Pearson's chi-square test.
Figure 2.Rate of delayed clinic visits/medication prescriptions over the study period. The denominator is the population at risk (N = 1118). The numerator is the number of cases of irregular medication prescriptions (P < .001).
Effects of the coronavirus disease 2019 pandemic on irregular medication and visits.

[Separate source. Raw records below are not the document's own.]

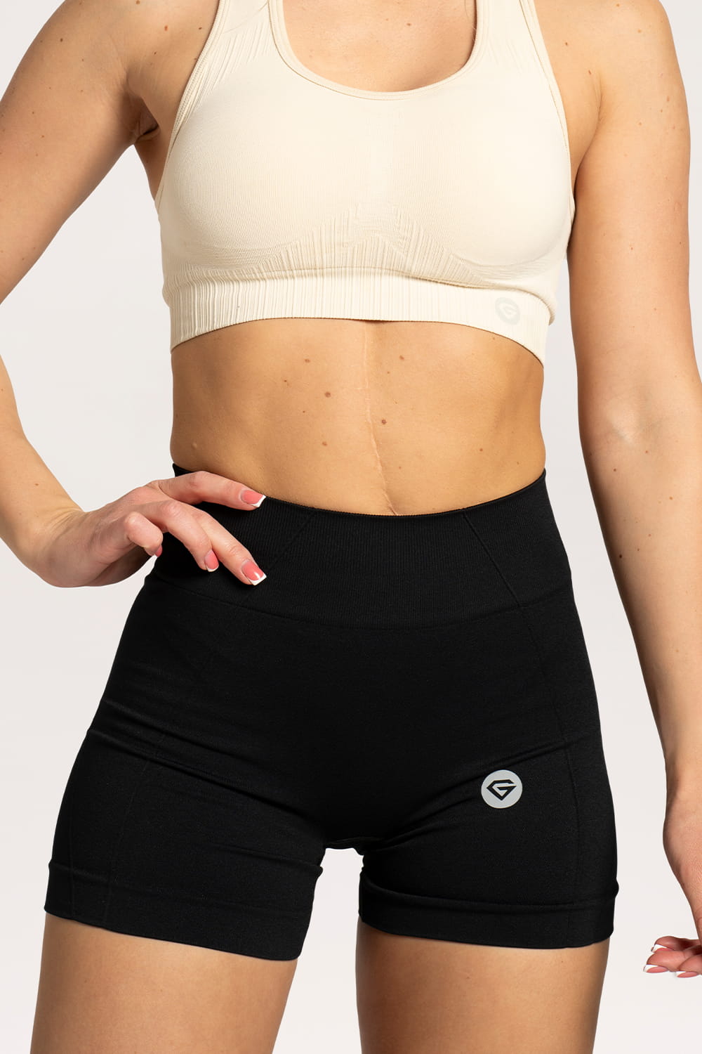 - Inovativní pas, který je vyroben ze dvou selekcí a směrem nahoru se zužuje. Díky tomu je břicho dokonale zpevněné a šortky nesklouzávají dolů.
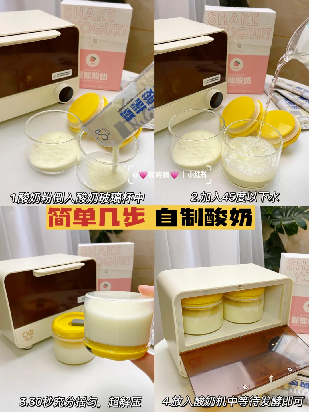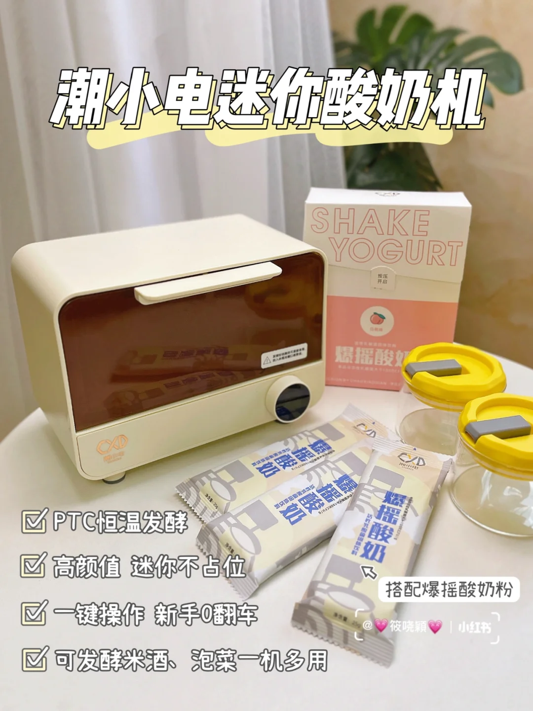 这个潮小电Mini酸奶机,不仅颜值高,真的是好吃又好玩,把搭配的爆摇酸奶粉放入酸奶杯中,加入45度以下的水,爆摇30秒至粉完全溶解,放入酸奶机等待发酵就行了,非常简单100%发酵成功,我家一姐经常跟我一起制作,让孩子参与其中,真的超有成就感的~
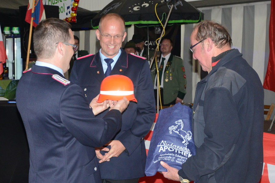 Eine besondere Wüdingung erhielt der 90 Jahre alte Wilhelm Schrader: er ist nicht allein 65 Jahre Mitglied der Rethener Feuerwehr, sondern war vielmehr bis 1974 der letzte Gemeindebrandmeister der ehemals selbstständigen Gemeinde Rethen/Leine. Erhard Duske wurde gestern ausgezeichnet, weil er sich seit ewigen Zeiten als "Heinzelmännchen", so Denis Schröder, im Gerätehaus an der Braunschweiger Straße selbstlos nützlich macht.
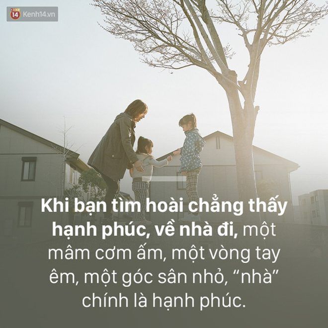15. Khi bạn tìm hoài chẳng thấy hạnh phúc, về nhà đi, một mâm cơm ấm, một vòng tay êm, một góc sân nhỏ, “nhà” chính là hạnh phúc.

| Cases/total (%) | Crude OR (95% CI) | P | Adjusted OR (95% CI) | P | |
|---|---|---|---|---|---|
| Period | |||||
| Pre-pandemic period | 188/3354 (5.6) | 1.00 (Reference) | 1.00 (Reference) | ||
| Pandemic period | 125/1118 (11.2) | 4.64 (2.96 to 7.28) | <.001 | 3.68 (2.24 to 6.04) | <.001 |
Multilevel logistic regression model was used for person-period data, with four periods per person. Variables used for adjustment included sex, age, qualification, standard monthly income, biannual variation, and medication.
CI = confidence interval, OR = odds ratio.
Figure 3.Interaction between COVID-19 pandemic and each variable. Age and income were categorized at the mean value. The X-axis is shown on a logarithmic scale. Glinide and glucagon-like peptide 1 receptor agonist not shown in the figure. αGI = alpha-glucosidase inhibitor, DPP-4-I = dipeptidyl peptidase IV inhibitor, SGLT2-I = sodium-glucose cotransporter-2 inhibitor, SU = sulfonylurea, compounding: compounding agents. The unit of income was (×103) JPY.
Figure 4.The results for difference in differences analysis. Comparisons were made between pre-pandemic period 3 (October 2019 to March 2020) and the pandemic period (April 2020 to September 2020) (“exposure arm”) with delayed visits between pre-pandemic period 1 (October 2018 to March 2019) and pre-pandemic period 2 (April 2019 to September 2019) (“control arm”). Variables used for adjustment were age, sex, income, qualification, and medications.